■ DATA IN THIS EXERCISE
================================

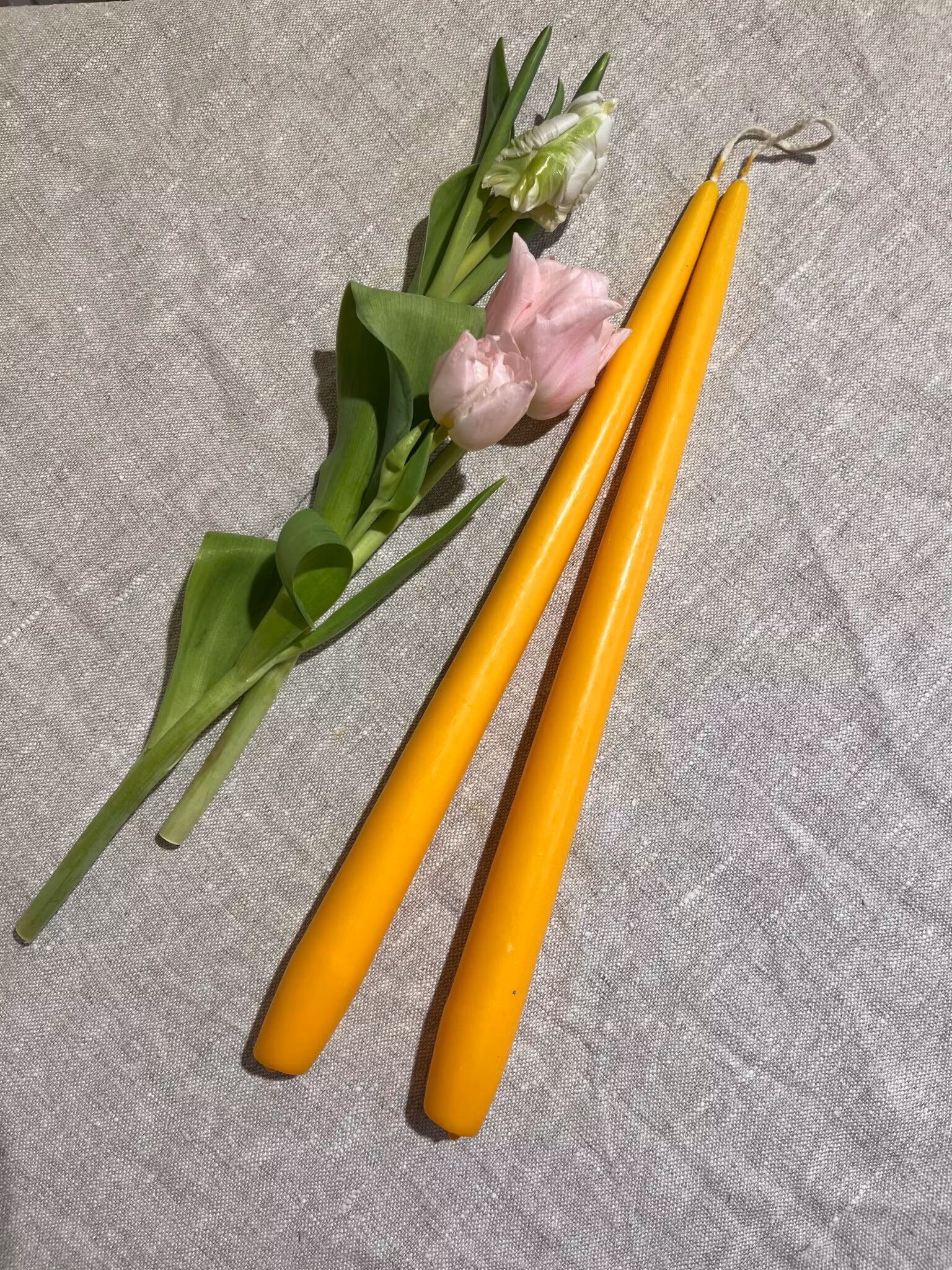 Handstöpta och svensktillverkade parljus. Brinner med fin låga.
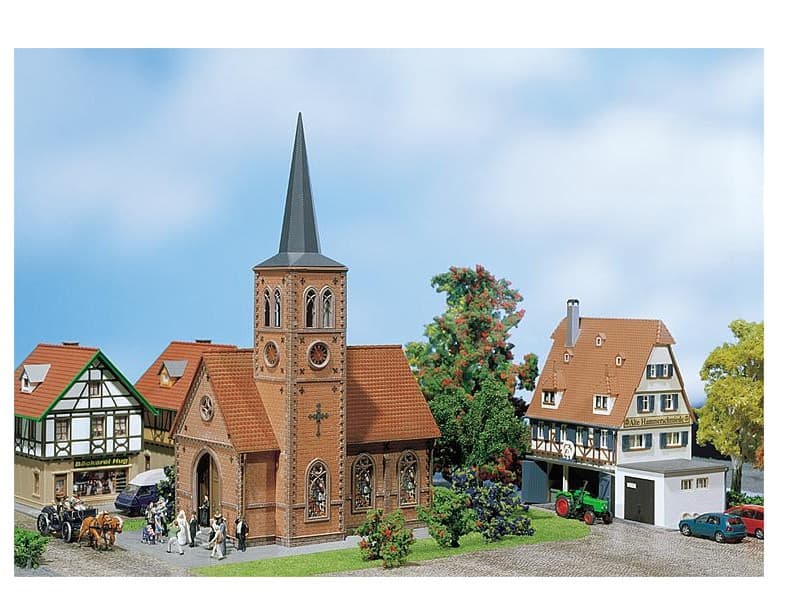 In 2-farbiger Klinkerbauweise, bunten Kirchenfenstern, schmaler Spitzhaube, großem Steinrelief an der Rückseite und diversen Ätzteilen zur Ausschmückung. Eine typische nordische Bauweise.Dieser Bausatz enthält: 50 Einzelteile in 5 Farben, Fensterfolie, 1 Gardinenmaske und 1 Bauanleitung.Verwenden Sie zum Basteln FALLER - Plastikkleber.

================================

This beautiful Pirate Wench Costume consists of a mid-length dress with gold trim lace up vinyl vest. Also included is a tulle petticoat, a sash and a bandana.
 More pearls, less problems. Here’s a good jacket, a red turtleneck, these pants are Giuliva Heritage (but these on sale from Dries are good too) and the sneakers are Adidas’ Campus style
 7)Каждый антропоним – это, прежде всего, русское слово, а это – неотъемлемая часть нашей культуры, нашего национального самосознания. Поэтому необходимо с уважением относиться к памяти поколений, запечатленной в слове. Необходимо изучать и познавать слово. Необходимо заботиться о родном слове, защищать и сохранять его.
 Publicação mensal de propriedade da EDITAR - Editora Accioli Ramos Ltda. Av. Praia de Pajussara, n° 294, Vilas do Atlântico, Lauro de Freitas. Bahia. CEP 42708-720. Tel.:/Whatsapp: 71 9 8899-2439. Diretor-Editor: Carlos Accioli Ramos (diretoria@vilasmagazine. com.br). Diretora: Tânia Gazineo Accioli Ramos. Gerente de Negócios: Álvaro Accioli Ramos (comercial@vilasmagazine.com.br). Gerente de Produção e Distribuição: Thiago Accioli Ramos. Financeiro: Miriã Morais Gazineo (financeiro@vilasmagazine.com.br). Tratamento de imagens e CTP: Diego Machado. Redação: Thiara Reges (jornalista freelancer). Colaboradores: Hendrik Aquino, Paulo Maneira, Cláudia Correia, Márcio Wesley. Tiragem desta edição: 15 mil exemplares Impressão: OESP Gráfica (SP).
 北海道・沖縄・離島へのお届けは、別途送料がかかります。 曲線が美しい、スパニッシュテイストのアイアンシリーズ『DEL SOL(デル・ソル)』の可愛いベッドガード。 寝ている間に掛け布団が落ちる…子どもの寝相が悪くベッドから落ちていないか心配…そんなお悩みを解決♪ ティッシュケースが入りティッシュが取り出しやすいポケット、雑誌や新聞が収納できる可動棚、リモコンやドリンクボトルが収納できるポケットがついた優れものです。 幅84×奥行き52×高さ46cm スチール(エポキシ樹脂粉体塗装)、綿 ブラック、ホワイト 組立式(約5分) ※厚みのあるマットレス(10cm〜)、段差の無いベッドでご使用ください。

================================

■ TASK OBJECTIVE
In the material above, locate the line containing "This beautiful Pirate" and the line containing "Publicação mensal de". Transcribe exactly those two lines and every line between them, and nothing more.

■ ANSWER
This beautiful Pirate Wench Costume consists of a mid-length dress with gold trim lace up vinyl vest. Also included is a tulle petticoat, a sash and a bandana.
 More pearls, less problems. Here’s a good jacket, a red turtleneck, these pants are Giuliva Heritage (but these on sale from Dries are good too) and the sneakers are Adidas’ Campus style
 7)Каждый антропоним – это, прежде всего, русское слово, а это – неотъемлемая часть нашей культуры, нашего национального самосознания. Поэтому необходимо с уважением относиться к памяти поколений, запечатленной в слове. Необходимо изучать и познавать слово. Необходимо заботиться о родном слове, защищать и сохранять его.
 Publicação mensal de propriedade da EDITAR - Editora Accioli Ramos Ltda. Av. Praia de Pajussara, n° 294, Vilas do Atlântico, Lauro de Freitas. Bahia. CEP 42708-720. Tel.:/Whatsapp: 71 9 8899-2439. Diretor-Editor: Carlos Accioli Ramos (diretoria@vilasmagazine. com.br). Diretora: Tânia Gazineo Accioli Ramos. Gerente de Negócios: Álvaro Accioli Ramos (comercial@vilasmagazine.com.br). Gerente de Produção e Distribuição: Thiago Accioli Ramos. Financeiro: Miriã Morais Gazineo (financeiro@vilasmagazine.com.br). Tratamento de imagens e CTP: Diego Machado. Redação: Thiara Reges (jornalista freelancer). Colaboradores: Hendrik Aquino, Paulo Maneira, Cláudia Correia, Márcio Wesley. Tiragem desta edição: 15 mil exemplares Impressão: OESP Gráfica (SP).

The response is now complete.